Thanks for pointing that out - I misread what they said.

If you have a link to a writeup provided by the SEC's investigation outlying this as an accident - I'd like to see that.

Plausible deniability is used by bad actors, and the existence of investors investing in founders who will do anything to protect their investment isn't a myth - it gets discussed a few times per year in threads on HN and Reddit.

The official press release is here [0], and does a good job at describing what happened, and imo supports my argument of ignorance/negligence than intent.

Two independent programs with separate purposes, sometimes accidentally trading with each other which could affect the price.
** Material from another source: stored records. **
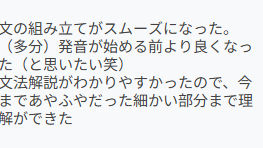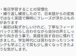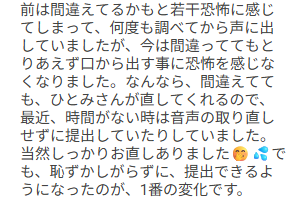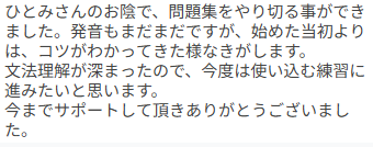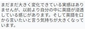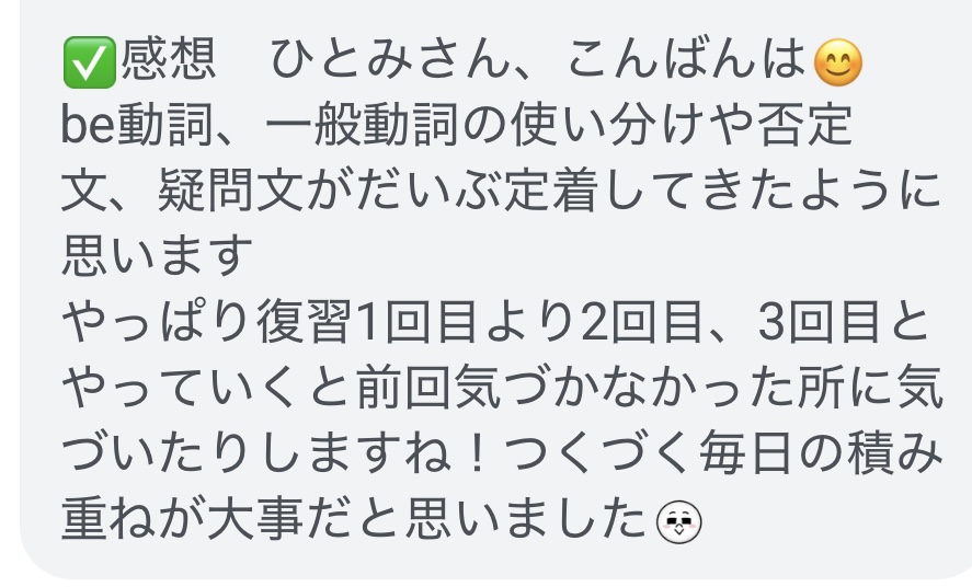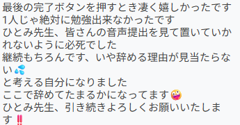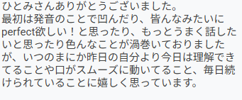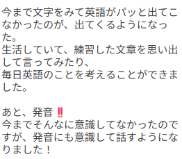 いままで、瞬間英作文、自分でやってみたけど、できなかった。このコースでHitomiさんとだから続いてる!って嬉しいコメントたくさんもらったよ
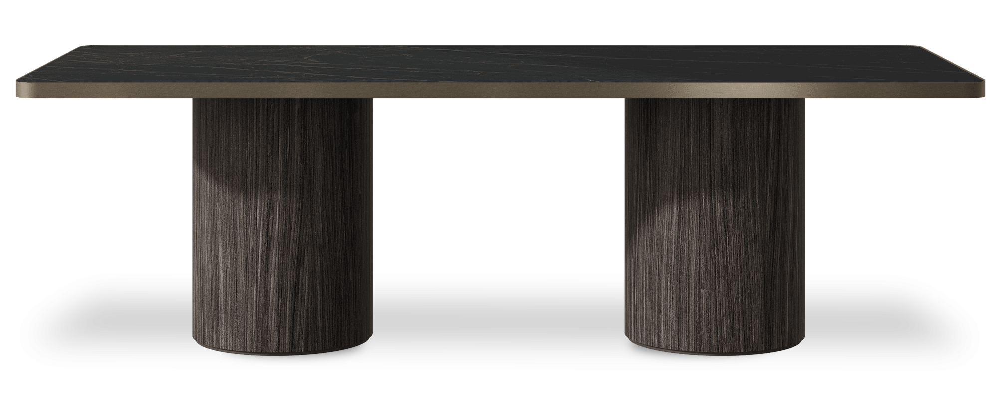 Luxury rectangular top crafted from premium Italian porcelain stoneware, featuring a metal edge veneer profile. Standing on twin column bases and available in 200x100cm, 220x100cm, 250x110cm, or 300x120cm sizes. Available in a variety of tops and leg colours. Seats 8–12. Choose from marble finishes, including Calacatta and Travertine. Perfect for luxury interiors and high-end dining rooms.
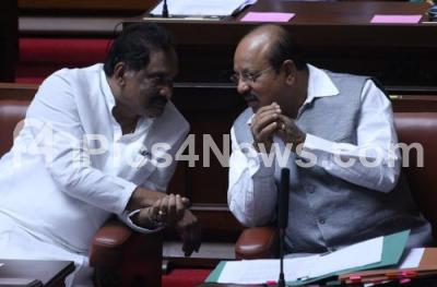 Photo Caption : KJ George, Home Minister seen interacting with TB Jayachandra, Law Minister during the Council Session at Vidhan Soudha, in Bengaluru on Thursday 12th February 2015
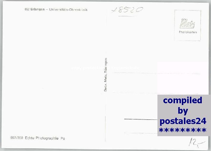 40232501 ERLANGEN Bayern Ohrenklinik ungelaufen ca. 1965 postalisch nicht gelaufen Alte Ansichtskarte Postkarte Katcode 11110009562000
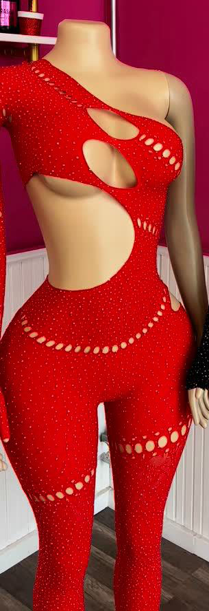 Copy| Product Name | Beaded Mesh One-Piece Long-Sleeve Jumpsuit |
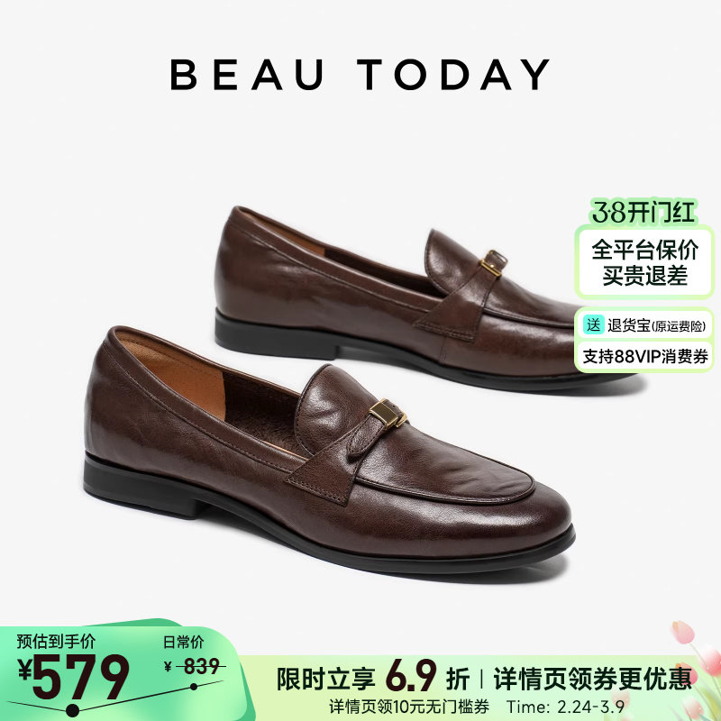 BeauToday乐福鞋女2026春季一脚蹬黑色英伦风小皮鞋平底浅口单鞋
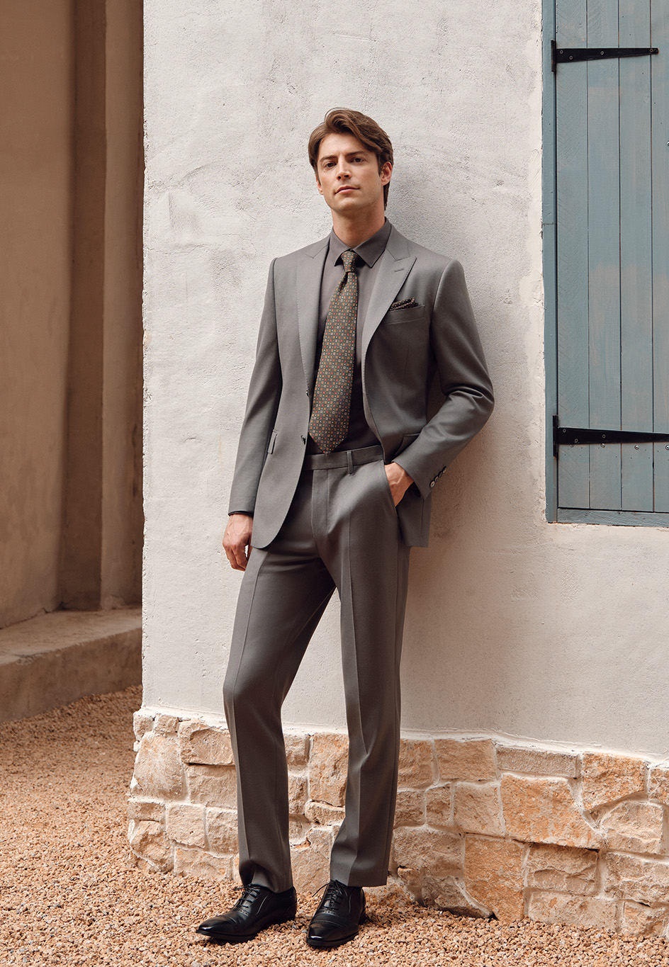 利落戧駁領+單排二粒扣款式,輕松穿出瀟灑干練氣質,西服口袋、四粒袖扣款式,給你由內而外的精致與高級,配套西褲采用橡根滑腰設計,腰部松緊無束縛,褲型線條流暢利落簡約。
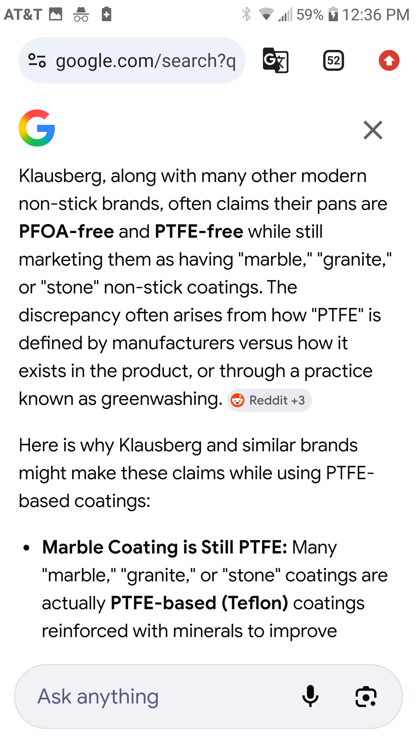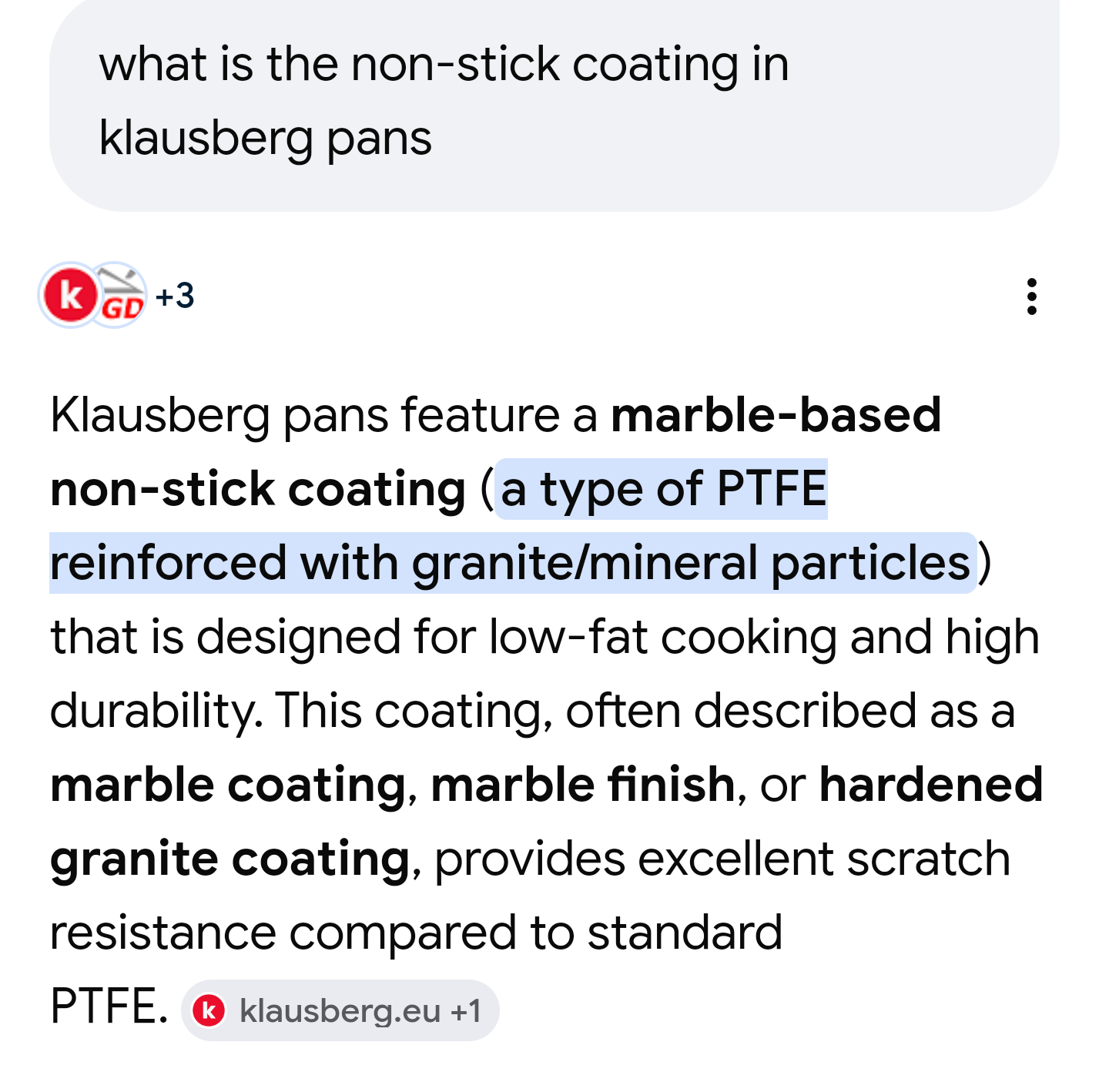 >>21937809>>21937798Oh wait, it's different pot.I guess the many other sellers of these pots are wrong. Multiple sale offers claim it's PTFE free but the klausberg never claimed so. That confused google AI too.

This information was included in API data (since it was just normal trades) which can create the appearance of activity or volume that doesn't truly exist. But these were real trades, so in some ways it does still exist it's just that CB happens to be on both sides.

[0]: https://www.cftc.gov/PressRoom/PressReleases/8369-21

> Plausible deniability is used by bad actors, and the existence of investors investing in founders who will do anything to protect their investment isn't a myth - it gets discussed a few times per year in threads on HN and Reddit.

I agree that has been used like this and will be in the future, but it's different to claim it's possible than spread FUD that it is actually happening (not directed at you to be clear). The latter is what you commonly see in online discussions revolving around Coinbase, though really with all tech companies.